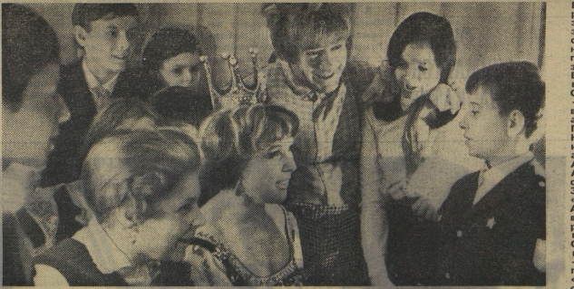
Праздник «Театр и дети» превратил В. К. Васильеву в Фею, С. В. Мишулина — в Нарльсона, а О. А. Аросова стала веселой и доброй вилетршей тетей Илавой.

Большая, круглая, подвешенная разноцветными огоньками эмблема Недели «Театр и дети» заиграла в фоне Театра сатиры. «Взрослого» спектакля не будет! Начинается детский праздник! Фея Театра заслуженная артистка РСФСР Вера Васильева взмывает волшебной палочкой: «Бэй Дэй!» Сейчас кто-то должен появиться! — Не тани, Фея! — раздаётся всем знакомый голос народного артиста СССР Анатолия Панахова. — Я уже здесь! На сцене оказались самые известные, самые любимые артисты — Татьяна Пельтцер, Андрей Миронов, Ольга Аросова, Спартан Мишулин — он же Нарльсон — и Наталья Защинина — Первоклассница «прозрались» в зал без билета... Артисты участвовали в смешной интермедии, рассказали весёлые песни, показывали сцены из спектаклей. Сцены из своих постановок показали многие москвичские театры. — Все театры России принимают участие в Неделе «Театр и дети», — сказал, открывая праздник, министр культуры РСФСР Ю. С. Мелентьев. — Пусть крепче станет дружба детей и театр!
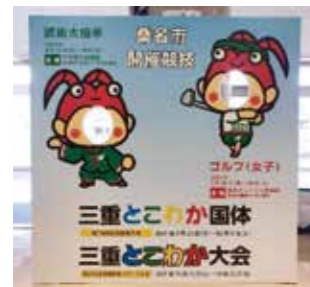
ヤマモリ体育館2階ロビー

三重とこわか国体の開催に対する市民の関心や参加意識の高揚を図るため、ポスターや懸垂幕を作成するなど広報活動に取り組んできました。
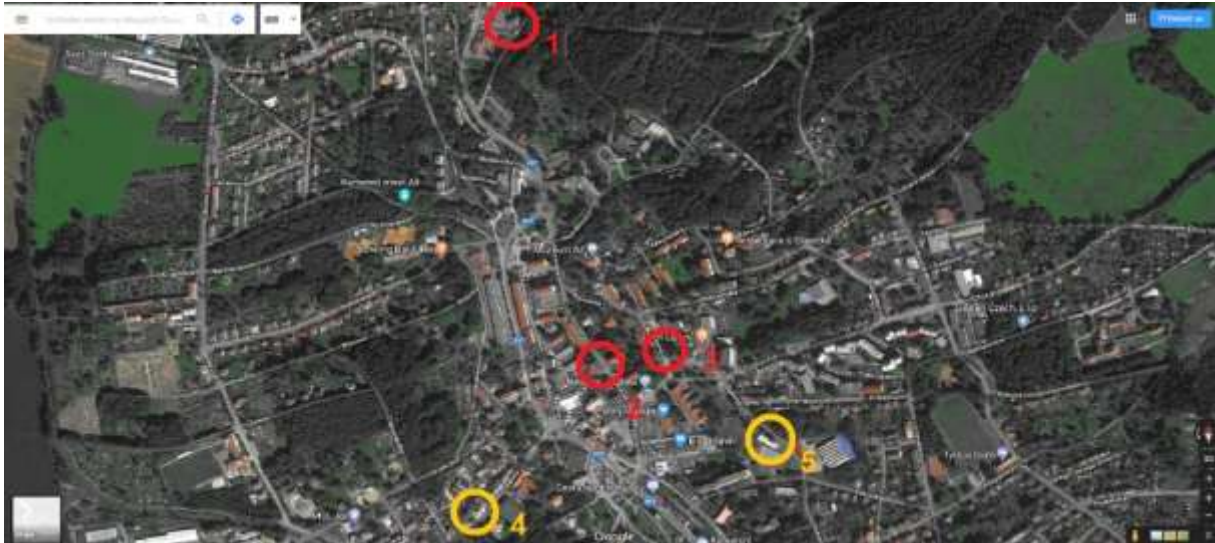
Obr. č. 1

Následující obrázky, převzaté ze Vstupní analýzy, znázorňují rozmístění objektů, které jsou v Aši v souvislosti se SVL zmiňovány nejčastěji. Žlutě označené jsou ubytovna a hotel, červeně pak bytové domy.
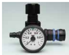
圧力調整用キット。 両端カプラと減圧弁をセット。

注) BIM**04タイプのノズルをご利用時は、圧力コントロールのためこちらが必要になります。
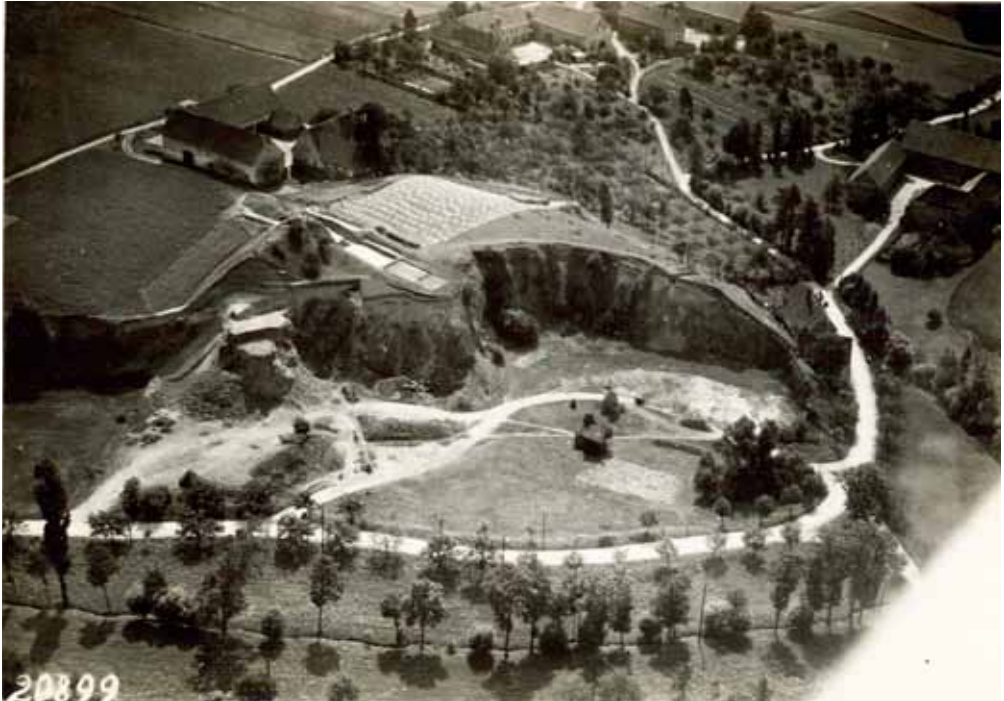
Abb. 4. Luftbildarchäologie 1927 – Die Grabungsflächen in Köllmichen zeichnen sich deutlich ab (Ortsakte „Köllmichen“;)
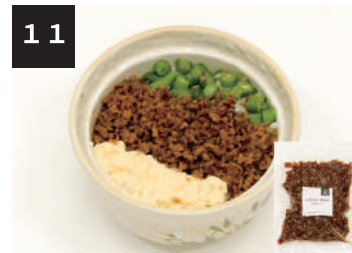
11 しれっと♪そぼろ (大豆ミート) 300円
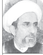
الشيخ حبيب الكاظمي

لو اعتقد العبد - يقينا - بإحاطة الشياطين ( لقلوب ) الذين يتولونه ، (و لأماكن) المعصية ، لاشتد وحشته من
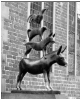
Jedným zo symbolov mesta sú aj „brémski muzikanti“ z rozprávky bratov Grimmovcov.

koškolským absolventom pôsobiacim v stredných a vysokých vedúcich pozíciách a má za úlohu pripraviť ich na úspešné pôsobenie v podnikoch a firmách s medzinárodným zastrepením.
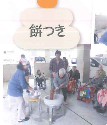
「よいしょー」寒さなんかには負けへんで!
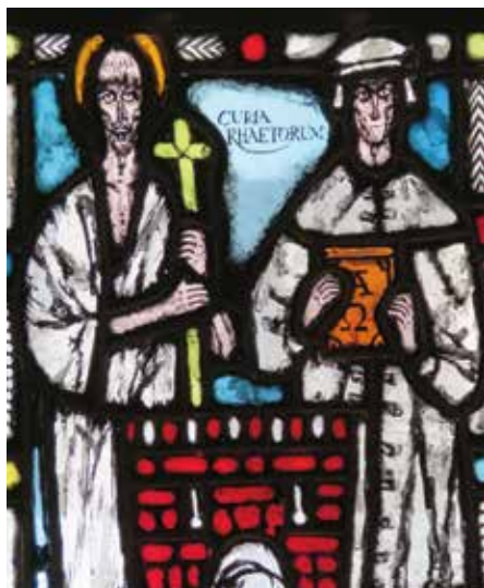
Lucius en Comander
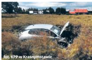
fol. KPP w Krasnymstawie

już po badaniach został zwolniony do domu. Nie miał poważnych obrażeń.
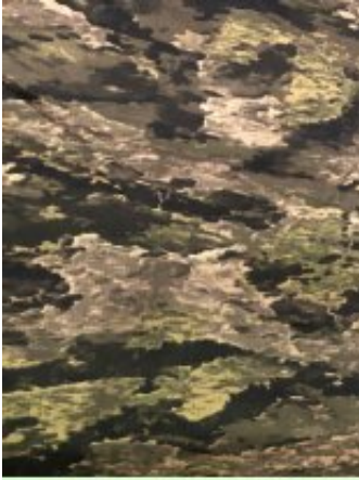
Рисунок № С121
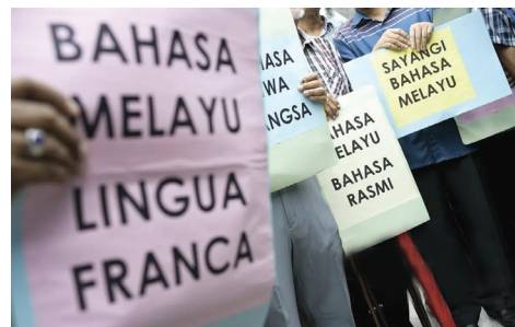
Kedudukan bahasa kebangsaan sebagai wadah integrasi nasional perlu diperkasakan di negara ini.

Peranan Yang di-Pertuan Agong dalam pemeliharaan kedudukan elemen struktur asas Perlembagaan Persekutuan seperti bahasa Melayu juga termaktub dalam Perkara 153. Perkara 153 menyentuh kedudukan istimewa orang Melayu serta anak-anak negeri dan kepentingan sah kaum-kaum lain berwarganegara Malaysia.
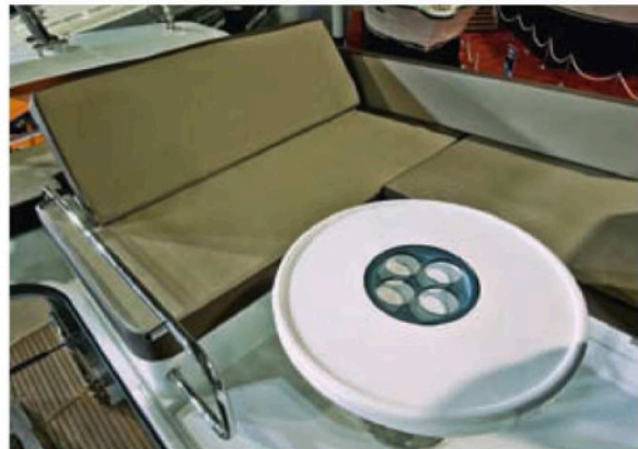
Komfortabel und windgeschützt: die Sitzgruppe im Cockpit

Die Basisnotierung der Galeon 340 Fly gibt das HW-Bootscenter als Importeur mit 215.800 Euro an. Da kommt finanziell kein Wettbewerber mit: Eine vergleichbare Sealine 34 Fly schlägt mit 263.800 Euro zu Buche, die vier Fuß längere Rodmann 38 sogar mit 388.500 Euro. Selbst wenn man das voll ausgestattete, maximal motorisierte Topmodell ordert, das wir zur Weltpremiere sahen, sind vergleichsweise moderate 325.000 Euro fällig. Wegen der wesentlich längeren Optionslisten der Mitbewerber ist auch das immer noch ein guter Preis. <<<
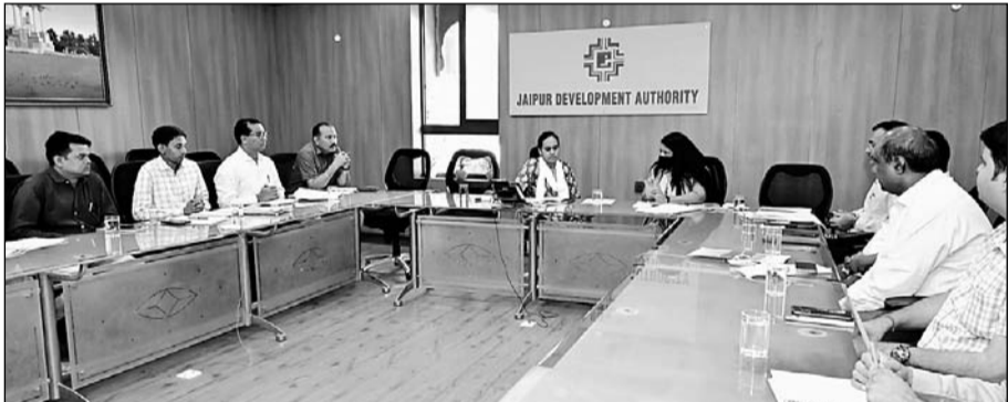
जयपुर विकास प्राधिकरण के चिन्तन सभागार में मंगलवार को द्रव्यवती नदी परियोजना की रिव्यू बैठक आयोजित की गई।

जयपुर। मंगलवार को चिन्तन सभागार में द्रव्यवती नदी परियोजना की रिव्यू बैठक आयोजित की गई। बैठक में जयपुर विकास प्राधिकरण द्वारा
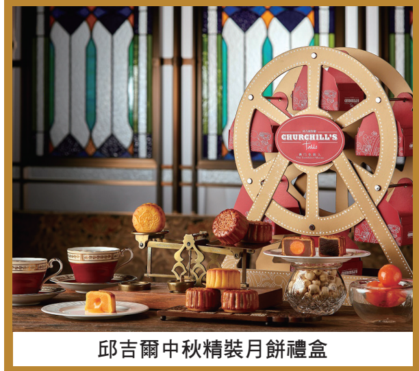
邱吉爾中秋精裝月餅禮盒
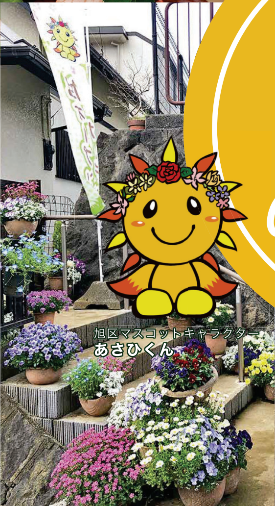
旭区マスコットキャラクター あさひくん
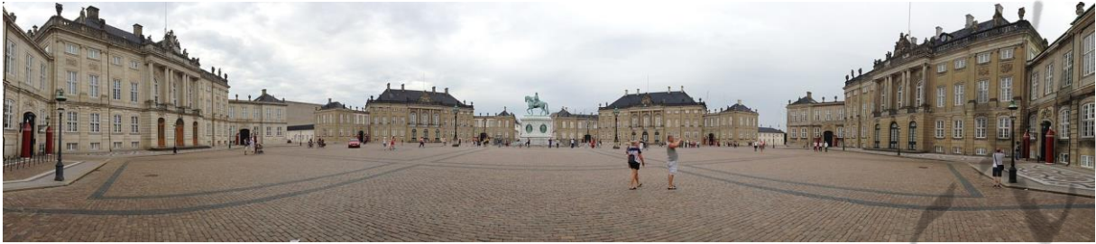
Panoramafoto van Amalienborg (juli 2013)

Christiaan stierf op 87-jarige leeftijd, op 29 januari 1906 in het Amalienborg-paleis in Kopenhagen na een regeerperiode van 42 jaar en 75 dagen.
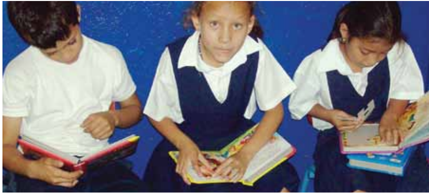
Estudiantes leyendo en una Escuela Activa en Nicaragua

Para facilitar la aplicación de la teoría a la práctica, se utilizan casos de la vida real para plantear problemas y hacer que el niño use lo práctico para entender lo abstracto. Esto se convierte en un aprendizaje natural que es aplicable al ambiente inmediato del niño o niña. Para completar el proceso, todo lo que se aplica se comenta de vuelta en la escuela, ya sea con los compañeros o con el docente o la docente. Se trata de encontrar el equilibrio práctico entre el “saber” el “saber hacer”, y el “saber ser”. Más aún, en cooperación con sus compañeros y con el andamiaje que les ofrece el docente, cada niño y niña tiene la oportunidad de descubrirse a sí mismo, en relación con los demás; aprende a analizar, a confrontar, a experimentar y a reflexionar permanentemente. Finalmente, lo que se practica, se aplica en la comunidad o en la casa con la familia. Es en ese momento en que los padres de familia tienen oportunidad de apoyar los procesos de aprendizaje.
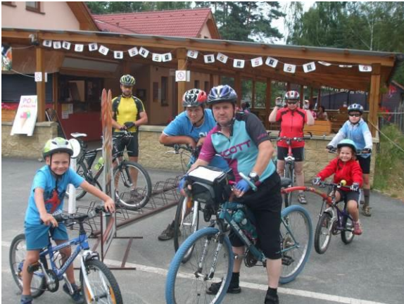
Společná dovolená hasičů v Jižních Čechách
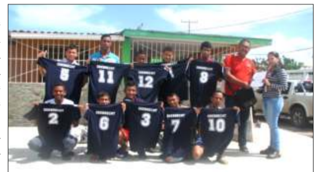
Uniformes de futbol sala otorgados por Odebrecht para los chicos.

Durante el mes de agosto se realizó el aporte de veinticuatro (24) uniformes de fútbol sala con su respectiva dotación, doce (12) para el C.C. la Teja II de Caicara del Orinoco, y doce (12) para el Consejo Comunal de la Urbanización
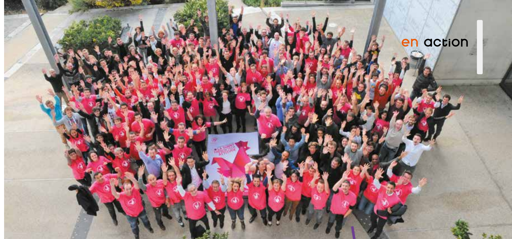
Après une grande mobilisation l'an dernier pour le label French Tech, la filière du numérique s'est dotée d'un plan d'actions pour 2015.
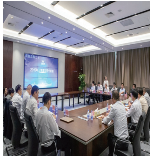
本集團2019年第三季度運營討論會
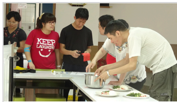
同學和慈芳會員們一起煮午餐

慈芳是台灣五個以會所模式進行的機構之一，會所模式的精神是相信每一個會員都有貢獻付出的可能，共同經營會所，並致力於精神疾病去汙名以及會員們恢復生產力。這個學期，精醫再度來到慈芳，有別於上學期參訪以及帶領活動，這一次我們成為一日會員，體驗會所模式的精神。

= = = =

Exercise directions ▸ In the records above, find the line containing "Panoramafoto van Amalienborg (juli 2013)" and the line containing "Estudiantes leyendo en", then give both of them again word for word along with every line between. Omit any pictures.

Exercise result ▸
Panoramafoto van Amalienborg (juli 2013)

Christiaan stierf op 87-jarige leeftijd, op 29 januari 1906 in het Amalienborg-paleis in Kopenhagen na een regeerperiode van 42 jaar en 75 dagen.
Estudiantes leyendo en una Escuela Activa en Nicaragua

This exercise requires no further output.